You can also upload images which can be used to inform video generation. Here, I’ve uploaded the cover of my article on LLM Routing
When you upload an image you can optionally add a prompt to describe the video you want, or you can upload the image by itself and let Sora figure out what type of video makes sense.
When generating video you can set the aspect ratio (the shape of the video),
The quality (different options available depending on your subscription tier),
the length of the video you want to create (different options for this are also available depending on your subscription tier),
and how many variations of the video you want to generate per submission.
For those wanting more granular control of video generation, you can use the storyboard.
With storyboards you can inject images, videos, and text throughout the storyboard to granularly control how frames are generated.
The strategies of prompting video generation models can be very complex. getting a result of reasonable quality can take a substantial amount of fiddling, both in terms of the content blocks and their temporal position within the storyboard. I’ll talk about the storyboard and some ideas one can employ to get higher quality results in later sections.
Circling back to the creation bar, there’s also an option for presets
This probably uses a technology called LoRA, which I cover in another article. You can think of LoRA like specially trained filters that can be applied to an AI model like Sora.

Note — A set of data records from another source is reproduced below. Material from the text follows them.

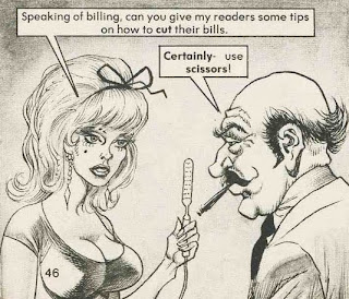 When the men's mags faded, Ward found work in the humor mags, particularly Cracked. Even when I was a kid, Ward was still at it, drawing busty Nanny Dickering. Va-va-voom! I didn't know what I was reading! Fortunately, neither did my mom.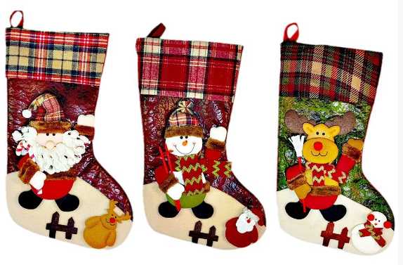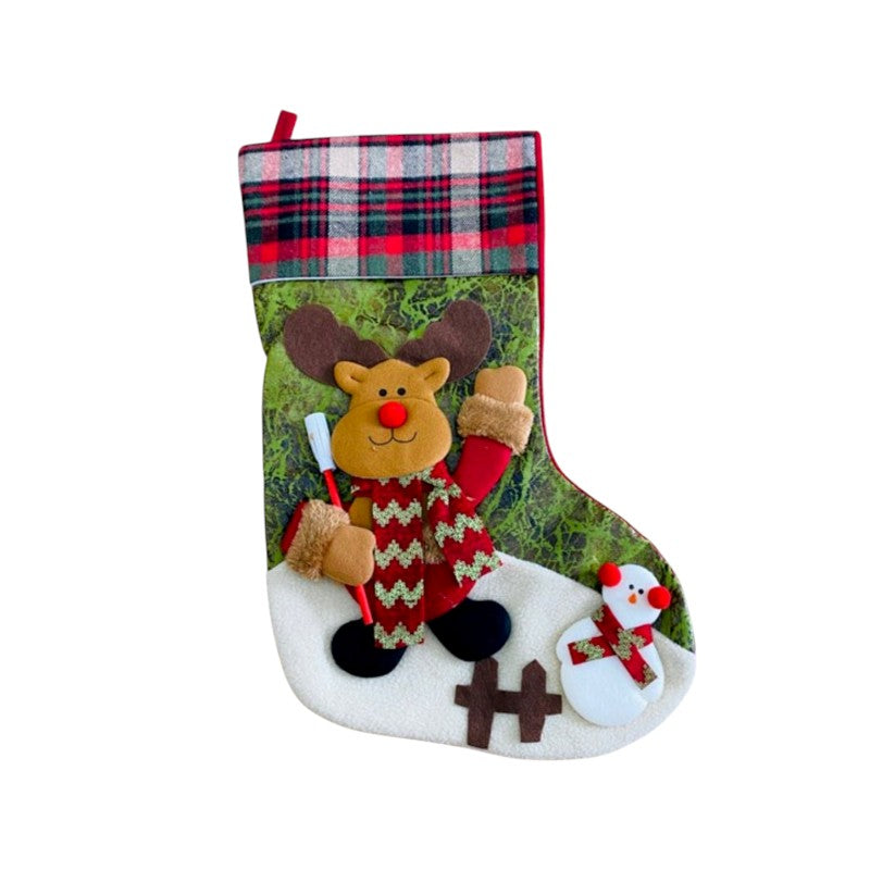 Χριστουγεννιάτικη διακοσμητική κάλτσα κρεμαστή σε υπέροχο σχεδιασμό με λούτρινη φιγούρα και στολίδια.
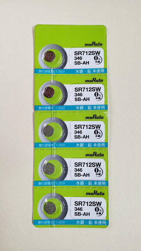 ムラタ酸化銀電池「SR712SW」 直径7.9mm 厚み1.2mm ムラタ製の腕時計用ボタン電池です。 時計の電池交換にどうぞ。 1個単位と5個単位の販売をしており、同一種類を5個単位のほうがお値段がお得になっております。 画像は5個パックのものですが、1個単位の場合ここから切り分けてお送りします。 ここは5個単位の販売ページです。 1個単位は「こちら」からお買い求め下さい。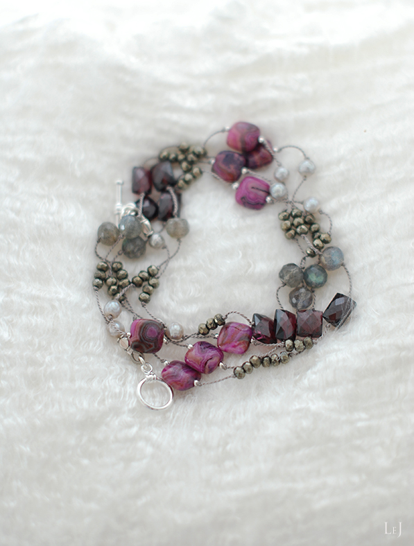 素材:ラブラドライト・ファセッテドレクタングルカット ガーネット・シルバーパイライト・シルバー色カットパール・パフスクエアカットマーブルピンクアゲート・シルバー925・メタル・シルク糸

Here’s a few examples of various generations with the same prompt and different presets:
once a video’s been generated there are a few options for editing it.
you can “Re-Cut”, which is like normal video cutting, except you can use AI to change the resolution of the image, the length, etc.
you can “Remix” which allows you to generate a new video based on a prompt and an existing video
You can blend between videos in a variety of ways with the “Blend” function
And you can turn your videos into a loop with the “loop” function. This will make it so the video loops seamlessly such that the end of the video perfectly feeds into the beginning.
And that’s the essence of Sora; it’s a big box of AI-powered video editing tools. In the following sections we’ll work through each of these functionalities, explore them more in depth, and discuss how they (probably) work.
The Theory of Text to Video Generation
The most fundamental idea of Sora is the “diffusion model”. Diffusion is a modeling approach where the task of generating things like images and videos is thought of as a denoising problem.
Basically, to train a model like Sora, you start with a bunch of videos and a textual description of those videos. Then, you make those videos super noisy.
and then you train the model to generate the original videos from noise based on the textual descriptions.
By training a model like Sora on a lot of videos (like, millions or billions of hours of video), OpenAI trained a model that’s able to turn text into video through denoising.
And that’s about it. This one strategy of denoising video is powering text to video generation, image to video generation, timelines, blending etc. OpenAI is achieving all this complex functionality with a single model as a result of some clever tricks which we’ll be exploring in the following sections.
Sora’s Tricks
Recall that one way to make videos with Sora is by using a timeline editor
Let’s explore a few tricks that could be used to make this work.
Trick 1) Frame Injection
Recall that diffusion models take in noisy video and output less noisy video
If you have an image, and you want to create a video from that image, you can simply set one of those frames to be part of the input of the model.
If you have video you want to generate based off of, you can just include that video in the input.
The whole idea of Sora is that it understands video and denoises the entire input to make sense based on whatever textual description is provided. So, if you include video in the input to the model, it will naturally denoise the rest of the frames to make sense based on whatever frames you provided.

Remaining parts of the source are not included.